**** DATASET ENTRIES ****

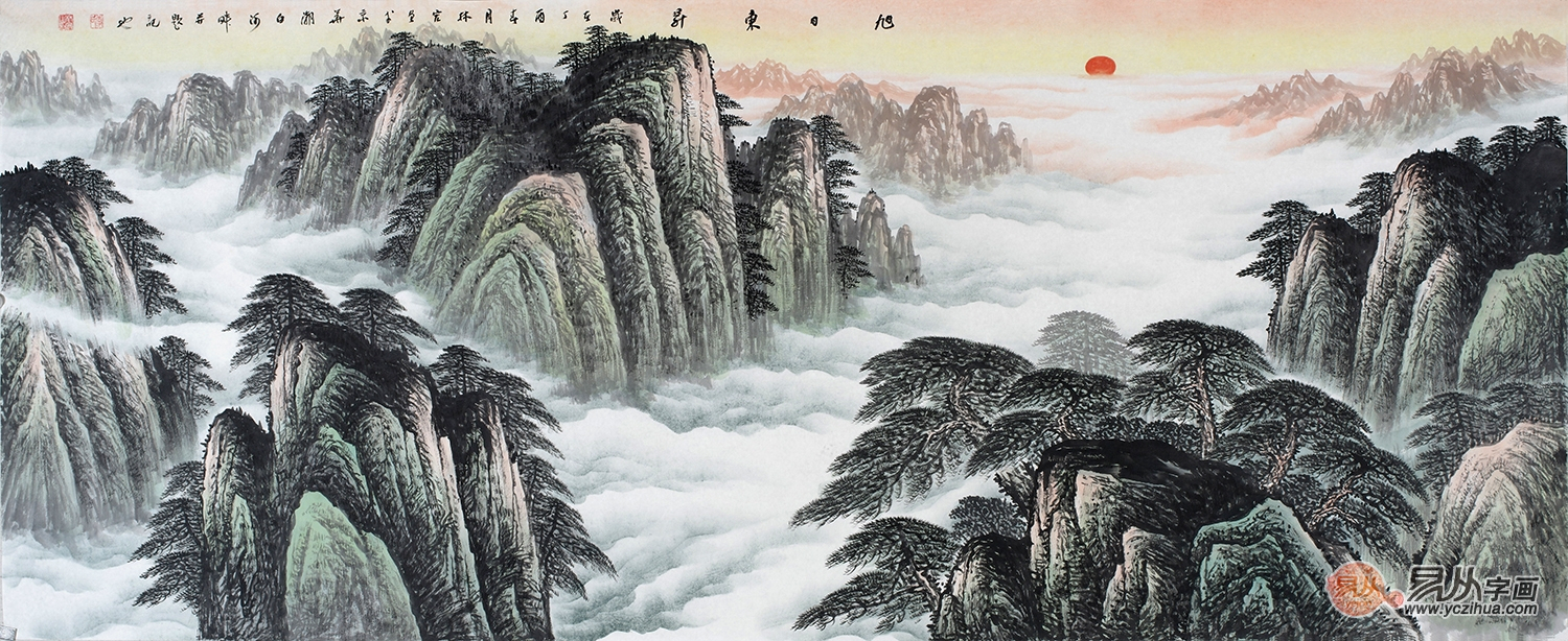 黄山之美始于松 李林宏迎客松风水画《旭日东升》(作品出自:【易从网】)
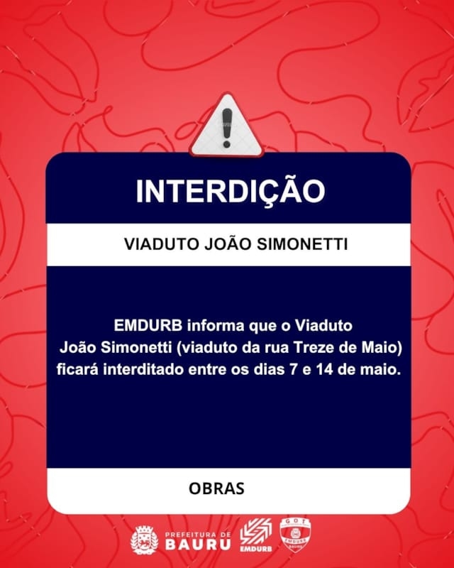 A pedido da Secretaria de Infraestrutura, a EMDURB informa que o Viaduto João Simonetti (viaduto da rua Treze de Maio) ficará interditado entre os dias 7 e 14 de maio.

****
**** DATASET ENTRIES ****

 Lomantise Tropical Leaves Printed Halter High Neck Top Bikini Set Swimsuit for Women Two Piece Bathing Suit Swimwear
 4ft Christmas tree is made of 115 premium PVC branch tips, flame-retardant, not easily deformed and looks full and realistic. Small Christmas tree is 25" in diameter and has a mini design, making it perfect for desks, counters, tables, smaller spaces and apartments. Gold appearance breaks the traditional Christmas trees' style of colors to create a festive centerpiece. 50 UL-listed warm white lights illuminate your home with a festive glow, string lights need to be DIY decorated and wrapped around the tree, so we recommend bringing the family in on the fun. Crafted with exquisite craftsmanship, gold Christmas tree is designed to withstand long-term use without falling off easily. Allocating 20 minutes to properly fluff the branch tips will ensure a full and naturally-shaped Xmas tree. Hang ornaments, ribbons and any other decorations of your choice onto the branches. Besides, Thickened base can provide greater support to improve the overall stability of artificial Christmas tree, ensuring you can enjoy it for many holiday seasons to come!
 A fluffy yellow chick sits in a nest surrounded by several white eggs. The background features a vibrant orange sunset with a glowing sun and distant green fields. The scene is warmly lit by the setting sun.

****
**** DATASET ENTRIES ****

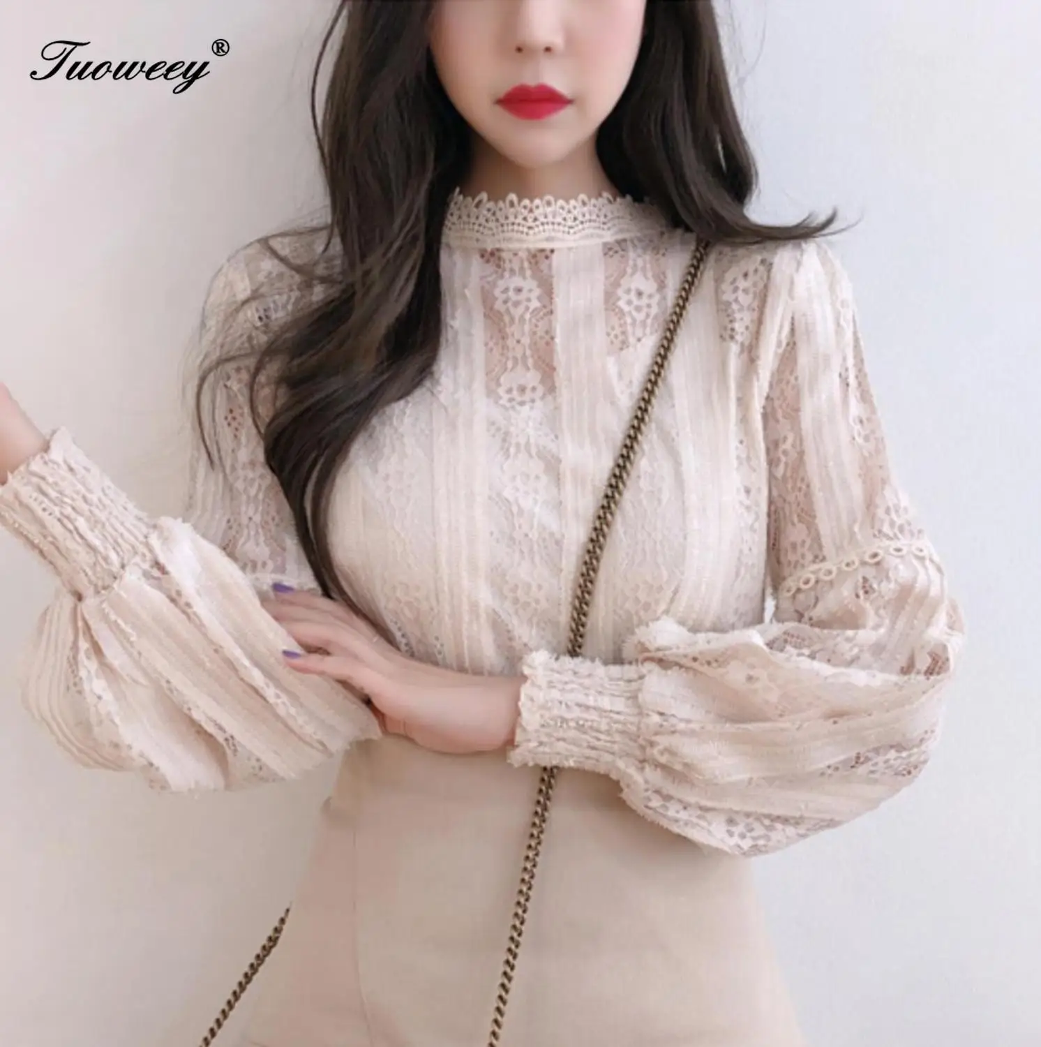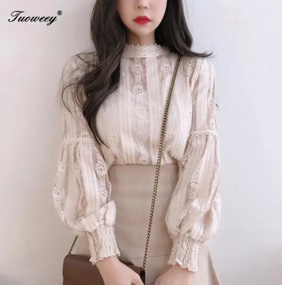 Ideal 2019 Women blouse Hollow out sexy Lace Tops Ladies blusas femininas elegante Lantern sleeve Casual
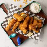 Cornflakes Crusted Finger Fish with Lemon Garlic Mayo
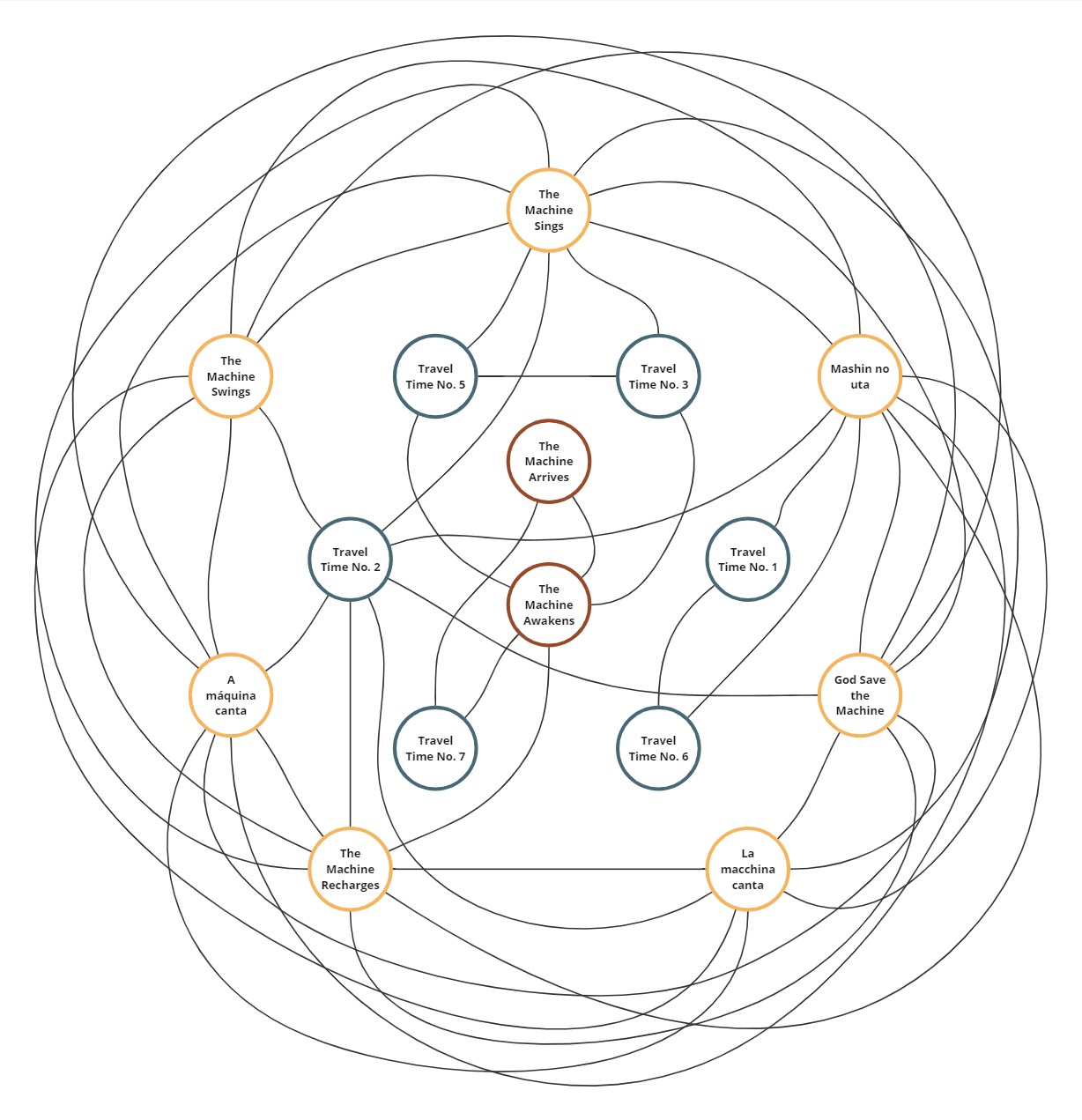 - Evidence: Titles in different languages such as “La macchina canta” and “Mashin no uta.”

****

WORK TASK | The entries above hold a line with "Lomantise Tropical Leaves" and a later line with "A fluffy yellow". Write out exactly those lines and all lines between, nothing more.

ANSWER AREA |
 Lomantise Tropical Leaves Printed Halter High Neck Top Bikini Set Swimsuit for Women Two Piece Bathing Suit Swimwear
 4ft Christmas tree is made of 115 premium PVC branch tips, flame-retardant, not easily deformed and looks full and realistic. Small Christmas tree is 25" in diameter and has a mini design, making it perfect for desks, counters, tables, smaller spaces and apartments. Gold appearance breaks the traditional Christmas trees' style of colors to create a festive centerpiece. 50 UL-listed warm white lights illuminate your home with a festive glow, string lights need to be DIY decorated and wrapped around the tree, so we recommend bringing the family in on the fun. Crafted with exquisite craftsmanship, gold Christmas tree is designed to withstand long-term use without falling off easily. Allocating 20 minutes to properly fluff the branch tips will ensure a full and naturally-shaped Xmas tree. Hang ornaments, ribbons and any other decorations of your choice onto the branches. Besides, Thickened base can provide greater support to improve the overall stability of artificial Christmas tree, ensuring you can enjoy it for many holiday seasons to come!
 A fluffy yellow chick sits in a nest surrounded by several white eggs. The background features a vibrant orange sunset with a glowing sun and distant green fields. The scene is warmly lit by the setting sun.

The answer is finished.